*** Stored data ***

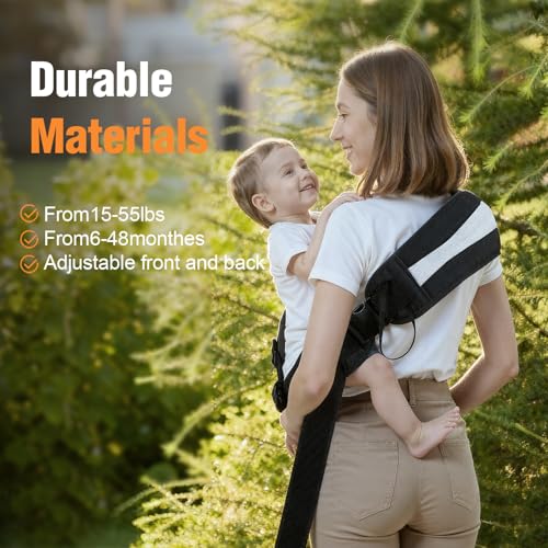 Adjustable & Ergonomic Fit Our toddler carrier sling is designed with dual front and back adjustable straps for a custom fit on every body type—even plus-size parents. The ergonomic M-shaped seat promotes healthy hip development, making this baby sling carrier perfect from newborn to active toddler stages.
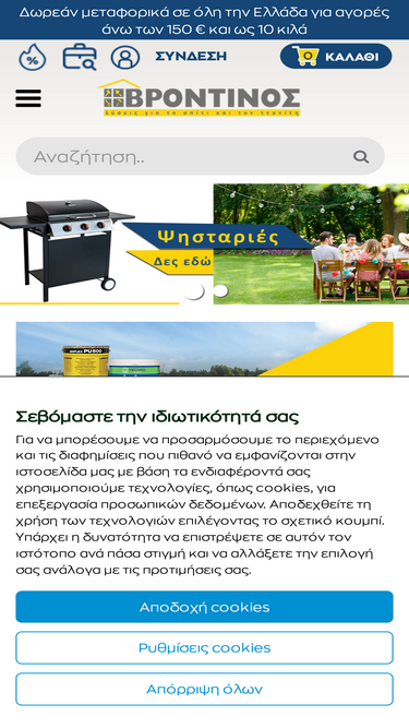 Βρείτε εργαλεία, δομικά υλικά, χρώματα, βερνίκια, πατώματα, πλακάκια, πόρτες, παράθυρα, είδη υγιεινής, έπιπλα μπάνιου, ηλεκτρολογικά, και πολλά ακόμα μόνο στον Βροντινο
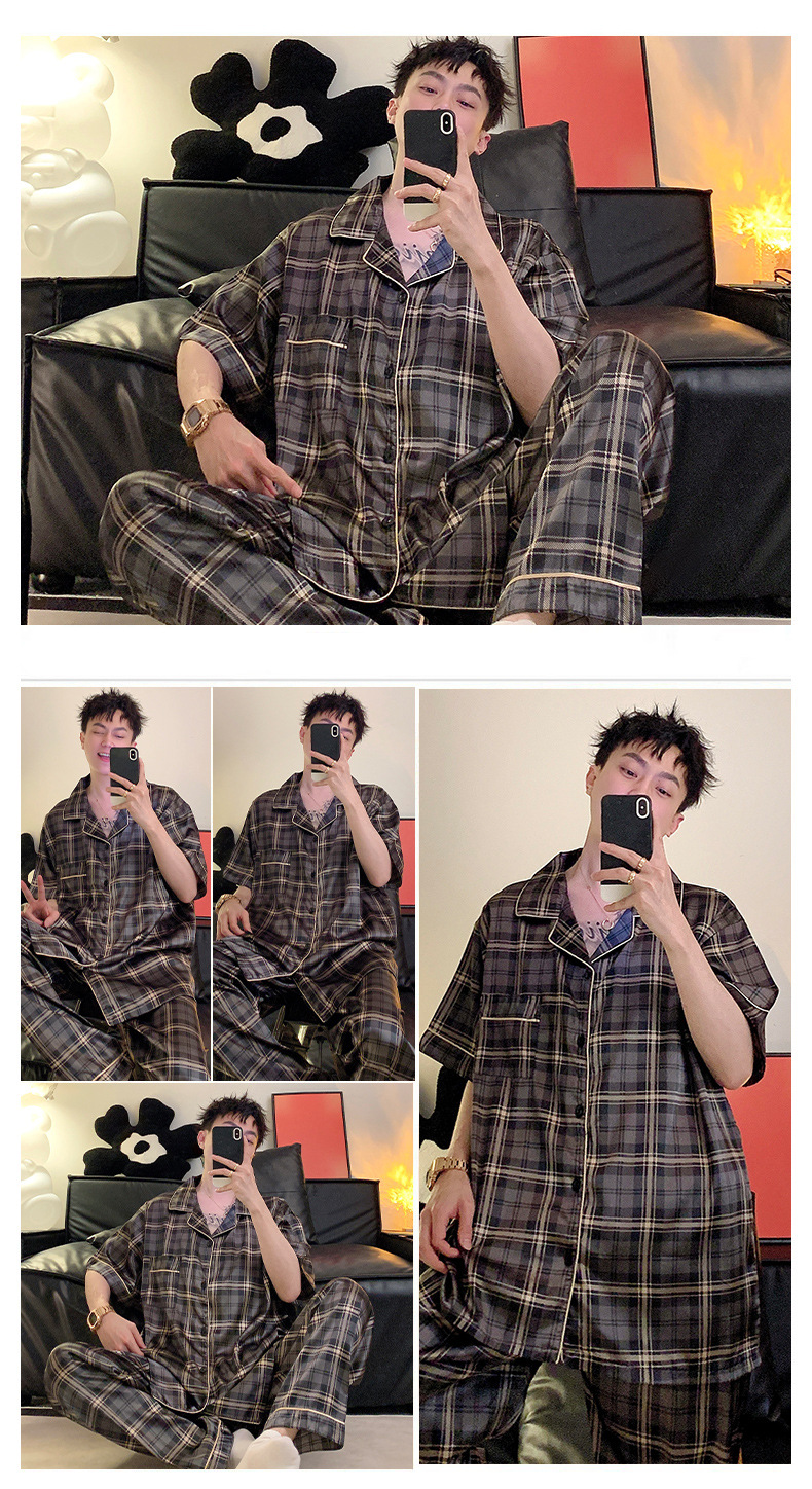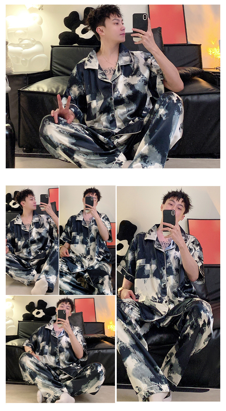 남성용 잠옷 여름 얼음 실크 2025 새로운 반팔 바지 여름 모조 실크 남성용 대형 홈웨어 세트스토어 가기

*** End of Stored data ***

## Task instructions
Without the images, print all of the lines above exactly.

## Response area
 Adjustable & Ergonomic Fit Our toddler carrier sling is designed with dual front and back adjustable straps for a custom fit on every body type—even plus-size parents. The ergonomic M-shaped seat promotes healthy hip development, making this baby sling carrier perfect from newborn to active toddler stages.
 Βρείτε εργαλεία, δομικά υλικά, χρώματα, βερνίκια, πατώματα, πλακάκια, πόρτες, παράθυρα, είδη υγιεινής, έπιπλα μπάνιου, ηλεκτρολογικά, και πολλά ακόμα μόνο στον Βροντινο
 남성용 잠옷 여름 얼음 실크 2025 새로운 반팔 바지 여름 모조 실크 남성용 대형 홈웨어 세트스토어 가기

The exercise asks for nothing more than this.